To avoid the worst-case scenario, the Serbian government initiated urgent restructuring of NIS ownership. The U.S. demand is clear: a complete withdrawal of Russian capital from the company. Vučić set a 50-day deadline (from November 2025) for Russian shareholders to sell their stake; otherwise, the state announced it would take over operational control and potentially buy out the Russian share. NIS placed the refinery in “hot standby”—temporary shutdown with the ability to restart quickly once a new oil supplier is secured. During the winter, Serbia has been urgently seeking alternative crude oil and fuel suppliers, relying on additional imports to avoid shortages.

Outlook for 2026:
The NIS situation represents both a turning point and an opportunity for Serbia. If the Russian stake is successfully sold (to domestic or Western investors) and NIS is removed from the sanctions list, Serbia could stabilize supplies and avoid an energy crisis. In the long term, this could open the door to refinery modernization with Western partners and reduce dependence on a single source. Strengthening energy ties with the EU could also bring investments in renewables and storage capacity.

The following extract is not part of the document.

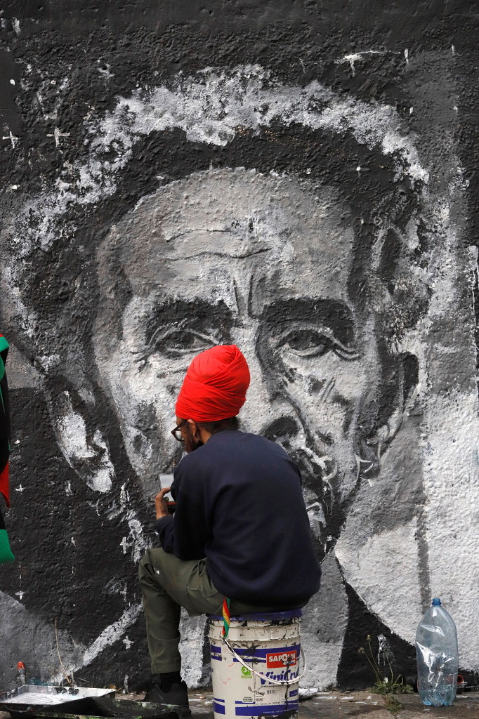 当地时间2020年10月22日,哥伦比亚波哥大,城市艺术节举行,艺术家在社区涂鸦和创作壁画。图片来源:东方IC

However, challenges are significant: finding a buyer for the Russian stake under political pressure and tight deadlines (February 2026) is difficult, and any delay increases the risk of fuel shortages and financial collapse of the company. Even after ownership changes, NIS will face market uncertainty—diversifying oil supply may require importing more expensive non-traditional blends or investing in logistics. In addition, Serbia will have to urgently seek alternatives to Russian gas in the long run, as its near-total reliance on the TurkStream pipeline leaves the country vulnerable. In 2026, balancing between East and West becomes a necessity for Serbia: the outcome of the NIS case will determine whether sanctions turn into an opportunity for an energy shift, or into a prolonged crisis weighing on the country’s business environment.

Conclusion

Globally, relations between the United States, Venezuela, Iran, and Serbia (through NIS) illustrate how geopolitics and economics are inseparably intertwined at the start of 2026. Sanctions as an instrument of power have created new alliances: Tehran and Caracas have drawn closer to each other (and to Beijing) in search of an exit from isolation, while Belgrade has been forced to redefine its energy direction under transatlantic pressure. Yet within all these challenges, opportunities are also emerging. Venezuela gains a chance for economic recovery through controlled reopening to the world, Iran sustains its financial pulse by selling oil to energy-hungry Asian markets, and Serbia can strengthen its long-term energy security through diversification. For the United States, 2026 will be a year of attempting to prove that strategic sanctions can achieve political goals without causing lasting economic damage to the global system. Each actor will face a test of resilience—but also the possibility of turning challenges into opportunities, whether by changing course or strengthening their position in the new mosaic of global relations.